Less popular but just as nutritious as kale and spinach, rainbow chard is one of those dark leafy greens we should all be eating more of. This spring vegetable is an excellent source of beta-carotene, which is converted into vitamin A, needed for new skin cell formation and maintaining skin’s ‘integrity’ (keeping it firm and damage resistant). Also provides vitamins C and K, minerals iron and magnesium, plus the antioxidant lutein, which protects the eyes. Rainbow chard also adds beautiful colour to dishes, such as this healthy pasta dish.

Spelt Pasta with Rainbow Chard

Spelt Pasta with Rainbow Chard

Ingredients

150g wholemeal spelt spaghetti
200g rainbow chard
1 lemon
Olive oil
2 tbsp pine nuts
2 cloves garlic, sliced
Parmesan to serve (optional)

Method

  1. Separate the stalks from the leaves and add the leaves to a blender with the pine nuts, 2 tbsp olive oil, 2 tsp lemon zest and a generous squeeze of lemon juice, salt and pepper and blend to form a pesto.
  2. Slice the colourful stalks roughly into pieces of about ½ to 1cm and add to a pan with the garlic, 1 tbsp olive oil and sauté until they soften.
  3. Meanwhile cook the pasta according to the instructions but giving it 1 minute less than recommended. Drain, reserving some of the cooking liquid and add to the pan with the garlic and chard stalks.
  4. Stir through the pesto and add some of the reserved cooking liquid to loosen it up.
  5. Cook for a minute or so, serve with grated Parmesan

Chicory

Another top source of the beneficial prebiotics mentioned above.
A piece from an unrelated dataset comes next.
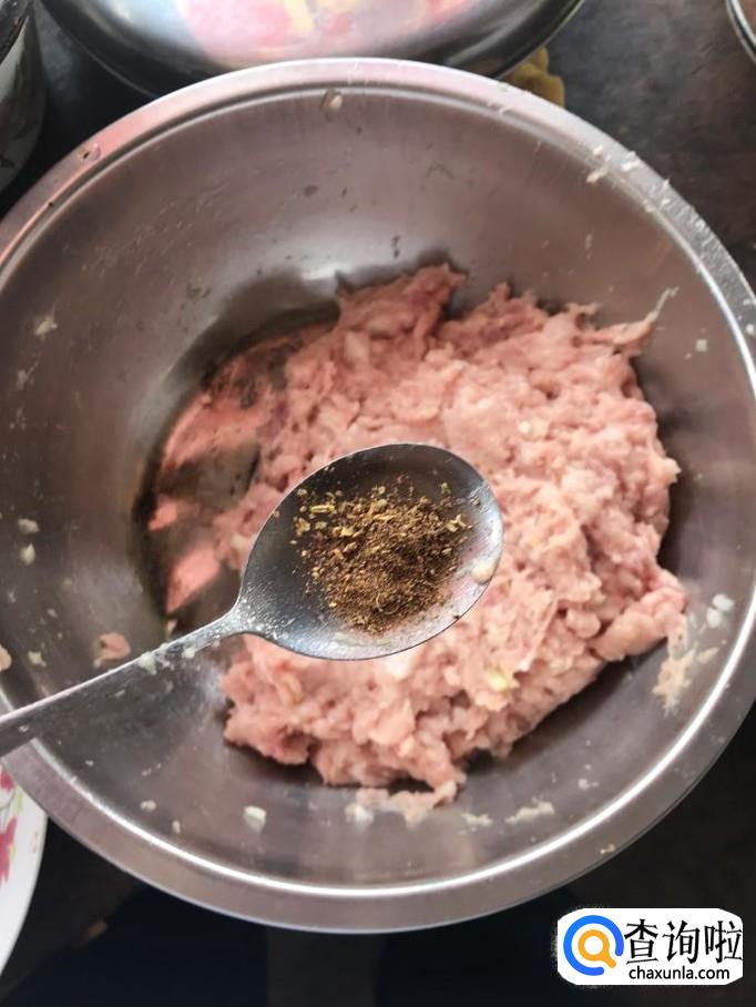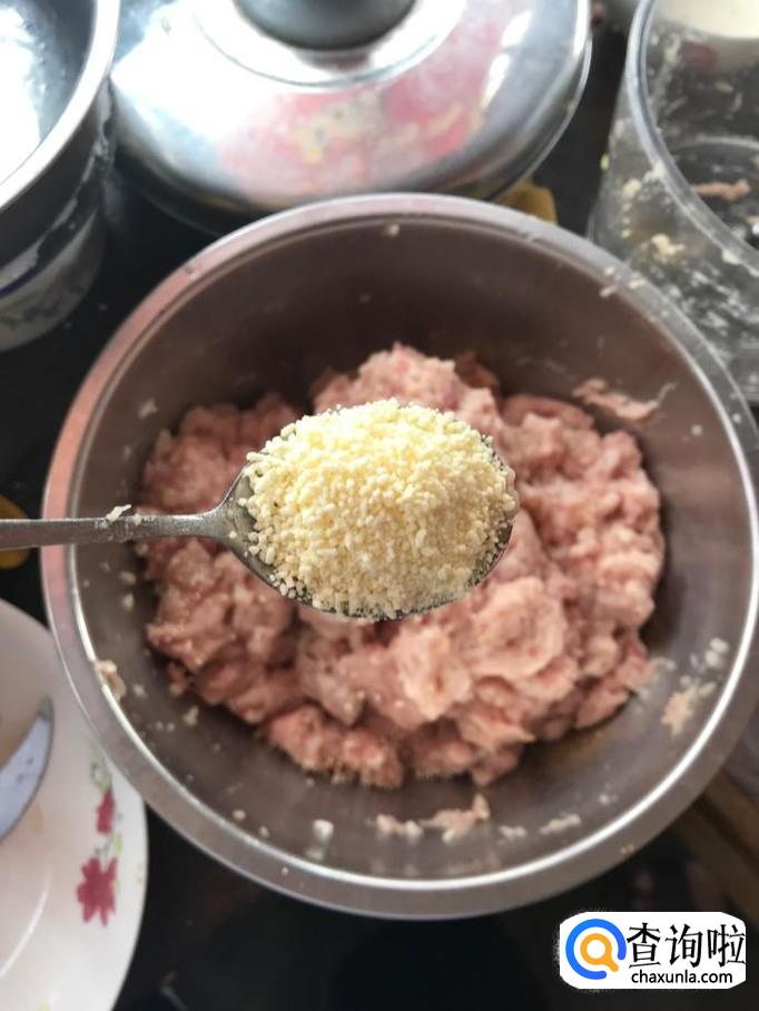取一小勺干淀粉溶于适量水,待淀粉沉淀后,倒掉淀粉上层的水,将剩余的淀粉倒入肉馅中。加入上诉调味料后对肉馅进行充分搅拌。最后加入一把香葱,再次进行搅拌,可以有效提高肉馅的香味。

Chicory is a spring vegetable that is high in nutrients, being a good source of beta-carotene, vitamin K, vitamin B5 and calcium, amongst others. Its shape makes it perfect for loading up with fillings, as an alternative to crackers or bread. I have substituted the usual mayonnaise here for avocado, which gives the same creaminess but with healthier fats and a good dose of skin loving vitamin E.

Chicory Crab Boats

Chicory Crab Boats

Ingredients

6 large chicory leaves
150g white crab meat
½ very ripe avocado, mashed well with a fork
Lemon juice
Salt and pepper
Pinch of paprika

Method

  1. Simply mix the crab, mashed avocado, a squeeze of lemon juice in a bowl. Season to taste and then spoon into the chicory leaves.
  2. Sprinkle with paprika and serve. Easy!